What is the aim of TARDIS?

Why should we send dry aquatic invertebrates into space, an environment that certainly is not normal for these animals? There are many answers to this question. One would be: to see if these animals, as the first ever, are able to cope with the extremely dry conditions of deep vacuum and the harmful solar and galactic radiation up there. In the past, several biologists have suggested that tardigrades may be one of the few animals that have a chance to come back alive after a trip in real space. Finally we will be able to find out if this is true.

At a more mechanistic biological level, exposure of organisms to space conditions will reveal how living cells react to the potentially very stressful impact of space parameters. And organisms that can handle the damaging space parameters will be important sources of knowledge for how to generate the space ecosystems that will be necessary for the more permanent human establishments in space that is envisaged today.

The TARDIS experiment consists of two sets of samples: one set exposed to both space vacuum and solar radiation, and another set exposed to space vacuum only. All tardigrade specimens included in the study are in a dry, anhydrobiotic state. Species included are: Richtersius coronifer, Milnesium tardigradum, Echiniscus testudo, Ramazzottius oberhaeuseri. These are all known to be very tolerant to desiccation.

Once on the ground again, these samples will be analysed for survival and reproductive potential, and for damage on DNA.

Monday, September 29, 2008

Space tardigrades stood the test!

At last, the first results from the TARDIS experiment have been published! Thank you all for waiting patiently during the analysing and publishing process! Many of you have probably read already about the results in news media, and I apologize for being so late with updating my blog. The main reason has been a very heavy work load from answering questions from media all over the world. Fun but time consuming.

YES, indeed many of the tardigrades survived the trip in space, and a few of them became the first animals to return alive after exposure to both space vacuum and solar radiation.

To recall our report in Current Biology, the space vacuum and cosmic radiation did not affect their survival or reproduction at all. This was true for both Richtersius coronifer and Milnesium tardigradum. What this means is that these animals can either protect their cells from expected damage of the extremely dehydration impact of space vacuum, or that they can repair damage that arise in some way. At the moment, we don’t know which is true.

Some of the samples were exposed to solar light (UV-radiation) in addition to space vacuum and cosmic radiation, and we used two different optical filters to discriminate between the combined effect of UV-A and UV-B (280-400 nm), on one hand, and effects of the full spectrum of UV, including also UV-C and Vacuum-UV (116-400 nm). Obviously, UV-radiation is difficult to handle also for tardigrades, since few animals survived these exposures.

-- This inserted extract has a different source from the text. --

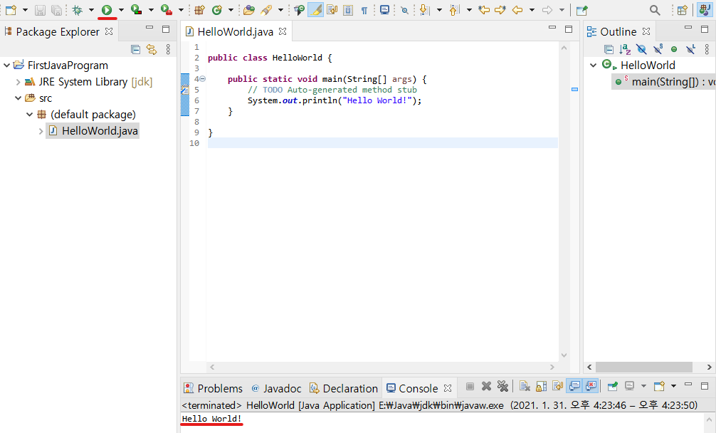 System.out.println("Hello Wolrd!"); 문장을 직접 입력한 뒤, ▶ 기호를 누르면 실행 결과를 확인할 수 있다.

But one of the species, Milnesium tardigradum, did better than the other, and about 12 % of those exposed to UV-A and UV-B managed to recover, although their egg production was lower than in the control animals that stayed on Earth. Also a few specimens exposed to the full UV range woke up and tried to get their bodies in shape again, but failed and died a few days later.

As almost always in science, our experiment gives rise to more questions than answers. How could these animals stand the extreme dehydration by space vacuum (at a pressure in the range of 0.00001 Pa compared to 100 000 Pa on Earth)? How could some of the tardigrades survive a dose of UV-A and UV-B of over 7000 kJ/sqm and still produce offspring? What molecular mechanisms are behind these remarkable achievements? To what extent do different wavelength of UV radiation penetrate the tardigrade cuticle? Why did one of the species better than the other? Etc, etc.....

A lot of laboratory work are now waiting to be done in order to reveal the secrets of the physiology of tardigrades. I hope that the work with sequencing of the tardigrade genome will start soon, because it will be of great help.

I am of course amazed by the results from our study. But perhaps I am even more amazed by the interest in our project from the public . Most scientific reports don't make it to the front pages of newspapers and web-sites for science news. Most reports never reach the public at all. Tardigrades are definitely special, not only in their physiology, but also in the way they catch the attention of people. Is it perhaps the contrast between the great biological achievements by these animals and the tiny body they have? Or the challenging of traditional concepts of life, for instance that "life depends on water", "life is a continuous process"? Whatever the reason, I hope that tardigrades will continue to inspire people, and make them interested in the world of biological diversity and evolution.